You can also validate Private Endpoint functionality by creating a new Private Endpoint for one of the currently supported services. Upon successful Private Endpoint creation, you should observe an A record added to the private DNS zone aligned to the Azure service. For more information, please see: Azure Private Endpoint DNS Configuration
Deleting the Private Endpoint should result in the A record being removed from the private DNS zone.
This solution currently only supports the following Private Endpoints enabled Azure services:
- SQL DB (privatelink.database.windows.net)
- Azure Synapse Analytics (privatelink.database.windows.net)
- Storage Account / Blob (privatelink.blob.core.windows.net)
- Storage Account / Table (privatelink.table.core.windows.net)
- Storage Account / Queue (privatelink.queue.core.windows.net)
- Storage Account / File (privatelink.file.core.windows.net)
- Storage Account / Web (privatelink.web.core.windows.net)
- Data Lake File System Gen2 (privatelink.dfs.core.windows.net)
- Azure Cosmos DB / SQL (privatelink.documents.azure.com)
- Azure Cosmos DB / MongoDB (privatelink.mongo.cosmos.azure.com)
- Azure Cosmos DB / Cassandra (privatelink.cassandra.cosmos.azure.com)
- Azure Cosmos DB / Gremlin (privatelink.gremlin.cosmos.azure.com)
- Azure Cosmos DB / Table (privatelink.table.cosmos.azure.com)
- Azure Database for MySQL (privatelink.mysql.database.azure.com)

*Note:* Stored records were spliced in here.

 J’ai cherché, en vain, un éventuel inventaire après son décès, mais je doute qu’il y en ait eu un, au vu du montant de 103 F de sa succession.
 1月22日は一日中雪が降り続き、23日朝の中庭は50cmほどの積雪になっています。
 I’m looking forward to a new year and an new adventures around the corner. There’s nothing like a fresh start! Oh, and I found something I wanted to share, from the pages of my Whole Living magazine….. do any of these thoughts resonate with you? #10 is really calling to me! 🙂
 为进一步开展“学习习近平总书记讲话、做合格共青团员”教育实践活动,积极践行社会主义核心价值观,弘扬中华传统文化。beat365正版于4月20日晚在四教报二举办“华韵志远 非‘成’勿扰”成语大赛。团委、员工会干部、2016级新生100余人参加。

- Azure Database for MariaDB (privatelink.mariadb.database.azure.com)
- Azure Key Vault (privatelink.vaultcore.azure.net)
- Azure App Configuration (privatelink.azconfig.io)

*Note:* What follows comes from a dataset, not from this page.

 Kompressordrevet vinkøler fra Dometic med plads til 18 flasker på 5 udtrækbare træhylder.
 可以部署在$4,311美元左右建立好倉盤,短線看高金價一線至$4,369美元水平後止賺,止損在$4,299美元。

- Azure Event Hub (privatelink.servicebus.windows.net)
- Azure Service Bus (privatelink.servicebus.windows.net)
- Azure Relay (privatelink.servicebus.windows.net)
- Azure WebApps (privatelink.azurewebsites.net)

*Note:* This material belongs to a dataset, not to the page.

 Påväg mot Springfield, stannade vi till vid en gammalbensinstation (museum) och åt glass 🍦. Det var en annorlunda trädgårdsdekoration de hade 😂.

- Azure Machine Learning (privatelink.api.azureml.ms)
Unsupported Private Endpoint enabled Azure Services:
- Azure Database for PostgreSQL (privatelink.postgres.database.azure.com)
- Azure Kubernetes Service - Kubernetes API (privatelink.{region}.azmk8s.io)
- Azure Search (privatelink.search.windows.net)
- Azure Container Registry (privatelink.azurecr.io)
- Azure Backup (privatelink.{region}.backup.windowsazure.com)
- Azure Event Grid / topic (privatelink.eventgrid.azure.net)
- Azure Event Grid / domain (privatelink.eventgrid.azure.net)
- Add outstanding Private Endpoint services.
- Remove private DNS entries when VMs are deallocated. Add DNS entries when VM is started.
Copyright 2020 Ryan Graham
Permission is hereby granted, free of charge, to any person obtaining a copy of this software and associated documentation files (the "Software"), to deal in the Software without restriction, including without limitation the rights to use, copy, modify, merge, publish, distribute, sublicense, and/or sell copies of the Software, and to permit persons to whom the Software is furnished to do so, subject to the following conditions:
The above copyright notice and this permission notice shall be included in all copies or substantial portions of the Software.
THE SOFTWARE IS PROVIDED "AS IS", WITHOUT WARRANTY OF ANY KIND, EXPRESS OR IMPLIED, INCLUDING BUT NOT LIMITED TO THE WARRANTIES OF MERCHANTABILITY, FITNESS FOR A PARTICULAR PURPOSE AND NONINFRINGEMENT. IN NO EVENT SHALL THE AUTHORS OR COPYRIGHT HOLDERS BE LIABLE FOR ANY CLAIM, DAMAGES OR OTHER LIABILITY, WHETHER IN AN ACTION OF CONTRACT, TORT OR OTHERWISE, ARISING FROM, OUT OF OR IN CONNECTION WITH THE SOFTWARE OR THE USE OR OTHER DEALINGS IN THE SOFTWARE.